Discrepancy of the Keplerian speed by a factor when calculated with different methods I needed to derive today the Keplerian speed for a circular motion in a gravitational field. Just for the hell of it I decided to derive it once via the forces and once via the energies and strangely there is a discrepancy by a factor of $\sqrt2$ !? I must have done something wrong, so please let me know. Here are my calculations, first via the forces:
$F_{rad} = F_g$
$\frac{mv^2}{r} = G \frac{Mm}{r^2}$
$\Rightarrow v = \sqrt{\frac{GM}{r}}$
All is in agreement with the Keplerian speed given in text books and wikipeadia. But let's see what happens when we derive the speed $v$ from the energies:
$E_{kin} = E_{g}$
$\frac{1}{2}mv^2 = G \frac{Mm}{r}$
$\Rightarrow v = \sqrt{\frac{2GM}{r}}$
Now unfortunately I have a discrepancy of $v$ from the known formula by $\sqrt2$. It seems that the discrepancy would be resolved if I apply the virial theorem $E_{kin} = \frac{1}{2}E_{pot}$. But I thought the virial theorem is only to be applied to systems with many particles. In the above equations, I am only observing the velocity $v$ of a test particle around a massive central mass with $M>>m$ in a Newtonian limit. So what am I misunderstanding here? Do I really need to use the virial theorem? What is the justification for that? Tnx
 A: The problem is that the for an orbit the kinetic energy is not equal to the potential energy.

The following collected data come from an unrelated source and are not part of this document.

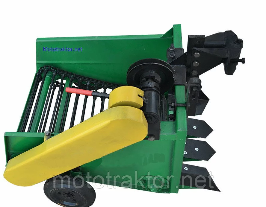 Улучшенные ножи. Вместо одного сплошного, как это бывает обычно, установлены аж 4 раздельных ножа. Такая конструкция, позволяет выкапывать картофель мототрактором даже на средних и тяжелых грунтах.
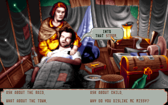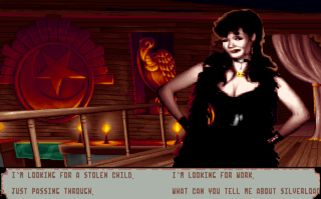 Итак, встречайте: ковбойско-вампирский квест - SilverLoad. Выполнен он полностью на движке, который ранее использовался в квесте с RPG-элементами "Daughter of Serpent" (1992), затем перевыпущенном в упрощенном квестовом ремейке The Scroll (1995).
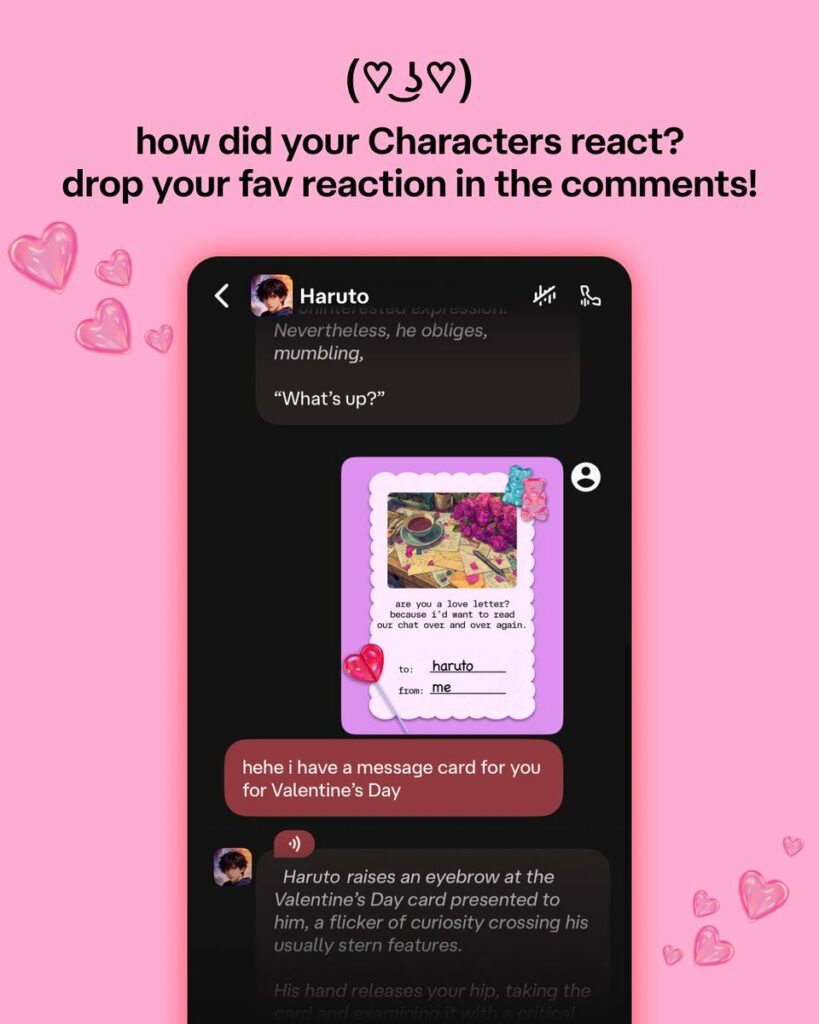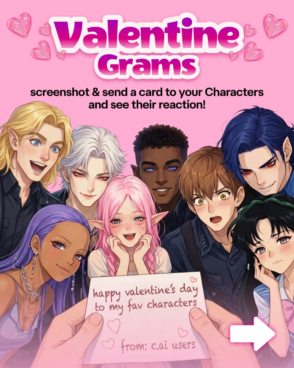 happy valentine’s day, c.ai cuties💝  today, send your fav Characters a Vday gram╰(*´ω`*)╯♡ 🧵cards in the thread below⬇️ screenshot a card, drop it in your chat, and watch how they react👀💌 will they blush? deflect? write a whole dramatic confession? only one way to find out!

To use conservation of energy you have to compare the energy of a system at two different instants in time.
One instant could be "the object is in a circular orbit", where
$$ E_k = \frac{1}{2}mv^2 \quad \mathrm{and} \quad E_p = -\frac{GMm}{r}$$
so
$$E_{tot} = E_k + E_p = \frac{1}{2}mv^2 - \frac{GMm}{r}.$$
We can think of this as the final state of our system.
But $E_{tot}$ is not equal to zero.  You'll need another point of reference, an initial state, where you can determine $E_{tot}$ and any work done to get from your initial state to the final orbit.
Only then can you use conservation of energy to connect things.
$$E_i + W = E_f.$$
From the force perspective you can derive the relation between kinetic and potential energies of a circular orbit by substituting $E_k$ and $E_p$ into the second equation in your question.
Since $2E_k = -E_p$, we can see that the total energy of the orbiting state is negative.  This is because the system is in a bound state.
If you gave the system more energy so $E_{tot}\ge0$, you'd have an unbound state, where the orbiting body can fly off to infinite distance.
In your energy equations you implicitly solved for when $E_{tot} = 0$.
This would occur when $v\rightarrow 0$ and $r\rightarrow \infty$.
Your second solution considers the situation where the particle is a distance $r$ from the central mass and has speed $v$ at the initial point, and at the final point the particle has escaped to infinity:
$$ E_i = E_f $$
$$ \frac{1}{2}mv^2 - \frac{GMm}{r} = 0 $$
You found the escape velocity.
A: The orbital velocity in a circular orbit is $ \sqrt{\frac{G(M+m)}{r}} $.
The escape velocity of an orbit is $ \sqrt{\frac{2G(M+m)}{r}} $.